The medical treatment period here refers to the time limit for the employee to stop working and take a rest due to illness or non-work-related injury and not to terminate the labor contract. If a worker needs to stop working for medical treatment and rest due to illness or non-work-related injury, he/she will be given a medical treatment period of three months to twenty-four months according to his/her actual working years and working years in this unit: 1. If the actual working years are less than ten years, those who have worked in this unit for less than five years will be three months, and those who have worked in this unit for more than five years will be six months. 2. If the actual working experience is more than ten years, six months for those who have worked in this unit for less than five years, nine months for those who have worked for more than five years and less than ten years, and twelve months for those who have worked for more than ten years and less than fifteen years; Eighteen months for fifteen years and twenty years; Twenty years or more is twenty-four months. (See Provisions on Medical Treatment Period for Employees of Enterprises Suffering from Illness or Non-work-related Injury)

According to the provisions of this article, after the medical treatment period expires, the employer may terminate the contract if the employee is unable to engage in the original job and the other jobs arranged by the employer.

(2) The laborer is not competent for the job, even after training or job adjustment.

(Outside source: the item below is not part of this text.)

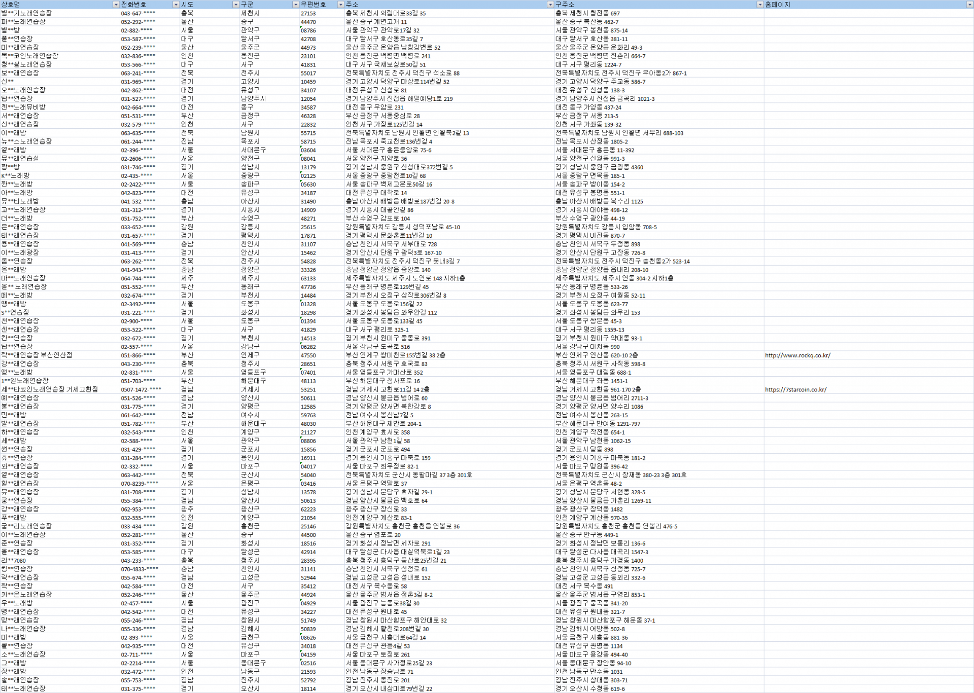 #노래방주소록 #노래방디비 #노래방DB #전국노래방리스트 #전국노래방 #노래방연락처 #노래방전화번호 #노래방목록

The term "incompetent for the job" here refers to the inability to complete the tasks agreed in the labor contract as required or the workload of people of the same type and position. After the expiration of the probation period, the employee is not competent for the work agreed in the labor contract, and the employer should train him or adjust his post. If the employee is still not competent for the original agreed work after a certain period of training, or is not competent for the rearranged work, it means that the employee lacks the labor ability to perform the labor contract. At present, there is no uniform standard in law, and we can only draw rules from individual cases. In practice, two kinds of situations can not be established: 1. The conclusion of a single leader to a single subordinate; 2. The final elimination system is adopted to determine incompetence. Generally, the principles of openness, fairness and impartiality should be adopted to determine whether the employee is qualified for the job. Employees have the right to review, and the standards should not be unified for the same group from person to person. 36-degree assessment method is usually adopted, and the comprehensive evaluation of superiors, subordinates and customers is generally considered fair.

what needs to be reminded to the employer is that the employer is in management.